Records from a collection
○ ○ ○

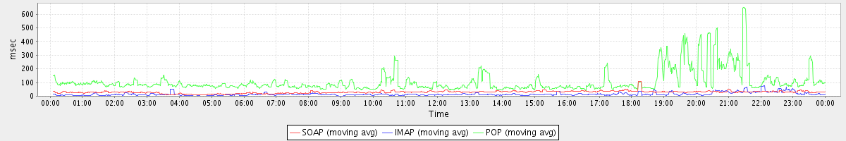Host zm08.stanford.edu: Mailboxd: Response Time by Client Protocol
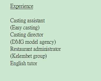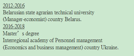 教育: 2012-2016年 白俄羅斯國家農(nóng)業(yè)技術(shù)大學(xué) (經(jīng)理-經(jīng)濟(jì)學(xué)家)國家白俄羅斯。 2016-2018年 碩士學(xué)位 區(qū)域間人事管理學(xué)院 (經(jīng)濟(jì)和商業(yè)管理)國家烏克蘭。 經(jīng)驗(yàn) 選角助理 (容易鑄造) 星探 (DMG模特經(jīng)紀(jì)公司) 餐廳管理員 (Kelembet集團(tuán)) 英語家教 |
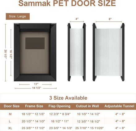 - [Patented Design - Pro 2.0] Dog door with telescoping tunnel can be installed on walls of different thickness of [4"-8"]. Frame:[14 1/3"W * 20 1/3"H]. Flap: [11 1/5"W * 16 1/3"H]. Suitable for pets up to [110 pounds].
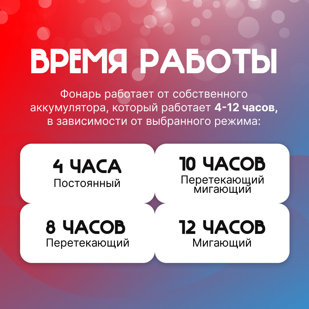 | Время работы | 1 - 5 часов / 10.5 - 24 часа / 5.5 - 10 часов |
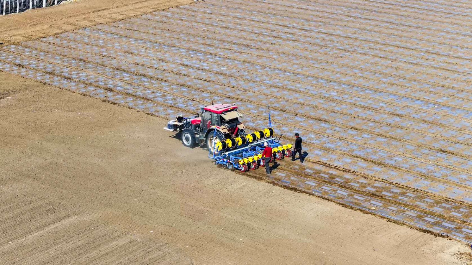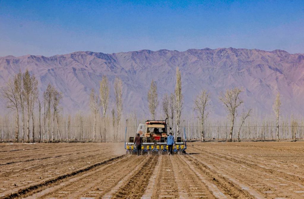 На полях Боро-Тала-Монгольского автономного округа Синьцзяна, расположенного по соседству с Казахстаном, различные виды сельскохозяйственной техники упорядоченно курсируют, эффективность механизированного посева достигает максимума. Каждая линия на бескрайних полях — это ожидание будущего урожая!
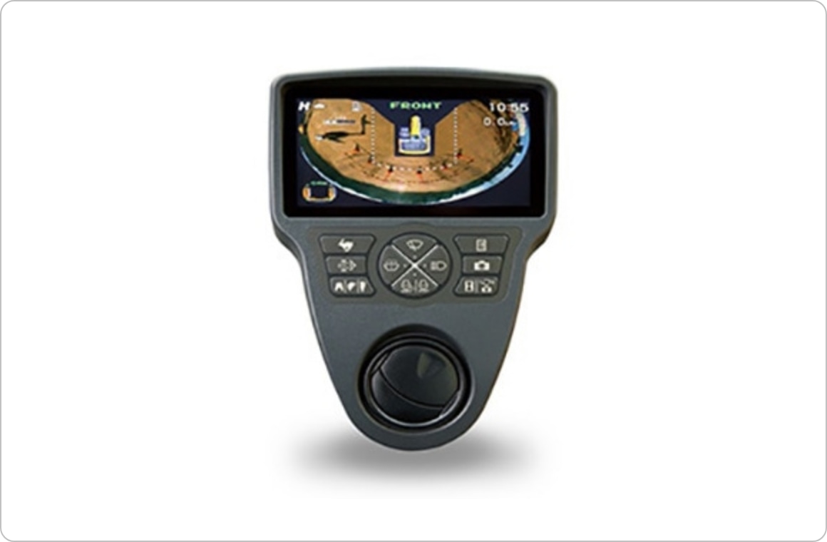 大型重機のための周囲確認支援システムであり、3つのカメラからの映像をシームレスにつなぎ、操縦者が直感的に理解できる視覚情報を提供できる。近年では乗用車などでも一般的になりつつある技術だが、こうした大型重機では乗用車以上に安全性向上の効果を期待できると考える。モニタと一体化した操作インタフェースもシンプルで使いやすく、ピラー部に取り付けることで視界を邪魔しないものとなっている。
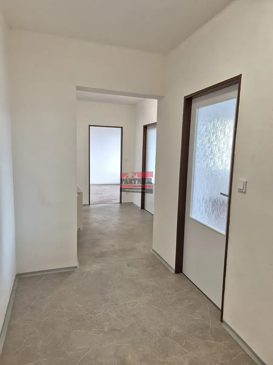 Byt o výměře 86,3 m² prošel v roce 2024 kompletní rekonstrukcí a nabízí prakticky řešený prostor: obývací pokoj, samostatnou kuchyni, ložnici a dva další pokoje, dále chodbu, koupelnu a samostatné WC. Orientace na východ a západ zajišťuje dostatek denního světla.
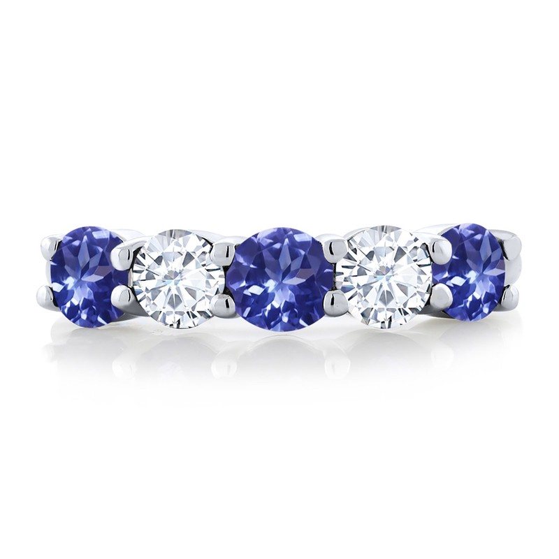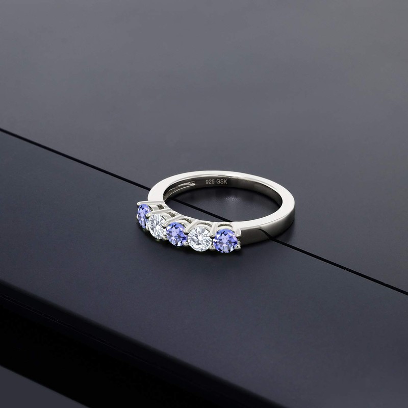 Gem Stone King 925 Sterling Silver Blue Tanzanite and White Moissanite Wedding Band Ring For Women (0.86 Cttw, Round 3.5MM, Gemstone December Birthstone, Available In Size 5, 6, 7, 8, 9)
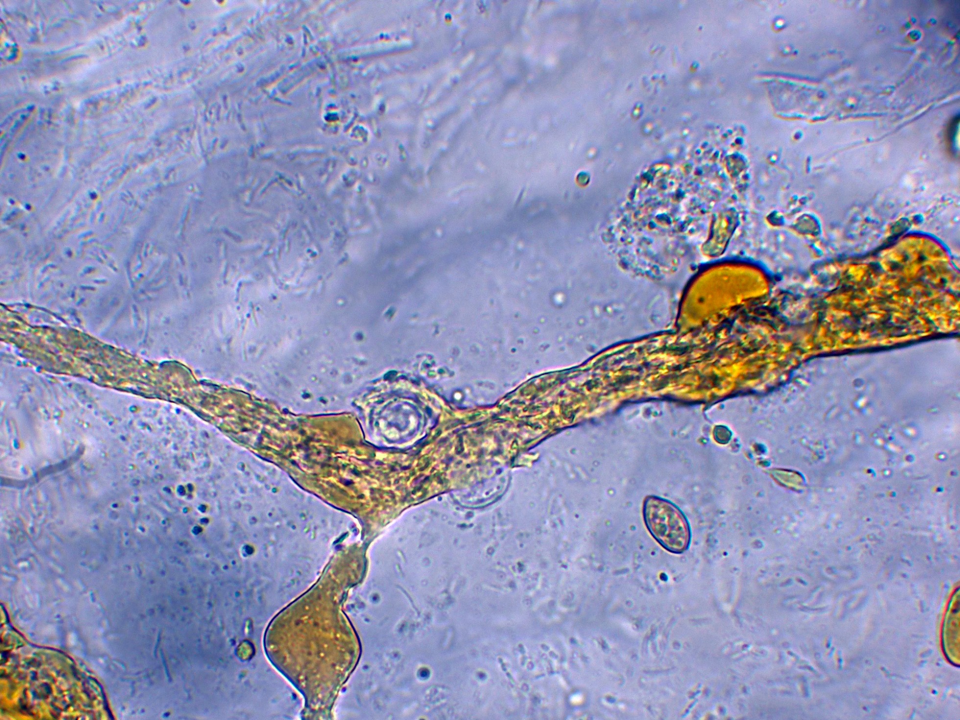 Hifas laticíferas fuertemente pigmentadas que son las causantes del color anaranjado muy vivo de su látex.

○ ○ ○

(Activity):
Exclude every picture, then reproduce the remaining data character for character.

(Solution to the problem):
Host zm08.stanford.edu: Mailboxd: Response Time by Client Protocol
 教育: 2012-2016年 白俄羅斯國家農(nóng)業(yè)技術(shù)大學(xué) (經(jīng)理-經(jīng)濟(jì)學(xué)家)國家白俄羅斯。 2016-2018年 碩士學(xué)位 區(qū)域間人事管理學(xué)院 (經(jīng)濟(jì)和商業(yè)管理)國家烏克蘭。 經(jīng)驗(yàn) 選角助理 (容易鑄造) 星探 (DMG模特經(jīng)紀(jì)公司) 餐廳管理員 (Kelembet集團(tuán)) 英語家教 |
 - [Patented Design - Pro 2.0] Dog door with telescoping tunnel can be installed on walls of different thickness of [4"-8"]. Frame:[14 1/3"W * 20 1/3"H]. Flap: [11 1/5"W * 16 1/3"H]. Suitable for pets up to [110 pounds].
 | Время работы | 1 - 5 часов / 10.5 - 24 часа / 5.5 - 10 часов |
 На полях Боро-Тала-Монгольского автономного округа Синьцзяна, расположенного по соседству с Казахстаном, различные виды сельскохозяйственной техники упорядоченно курсируют, эффективность механизированного посева достигает максимума. Каждая линия на бескрайних полях — это ожидание будущего урожая!
 大型重機のための周囲確認支援システムであり、3つのカメラからの映像をシームレスにつなぎ、操縦者が直感的に理解できる視覚情報を提供できる。近年では乗用車などでも一般的になりつつある技術だが、こうした大型重機では乗用車以上に安全性向上の効果を期待できると考える。モニタと一体化した操作インタフェースもシンプルで使いやすく、ピラー部に取り付けることで視界を邪魔しないものとなっている。
 Byt o výměře 86,3 m² prošel v roce 2024 kompletní rekonstrukcí a nabízí prakticky řešený prostor: obývací pokoj, samostatnou kuchyni, ložnici a dva další pokoje, dále chodbu, koupelnu a samostatné WC. Orientace na východ a západ zajišťuje dostatek denního světla.
 Gem Stone King 925 Sterling Silver Blue Tanzanite and White Moissanite Wedding Band Ring For Women (0.86 Cttw, Round 3.5MM, Gemstone December Birthstone, Available In Size 5, 6, 7, 8, 9)
 Hifas laticíferas fuertemente pigmentadas que son las causantes del color anaranjado muy vivo de su látex.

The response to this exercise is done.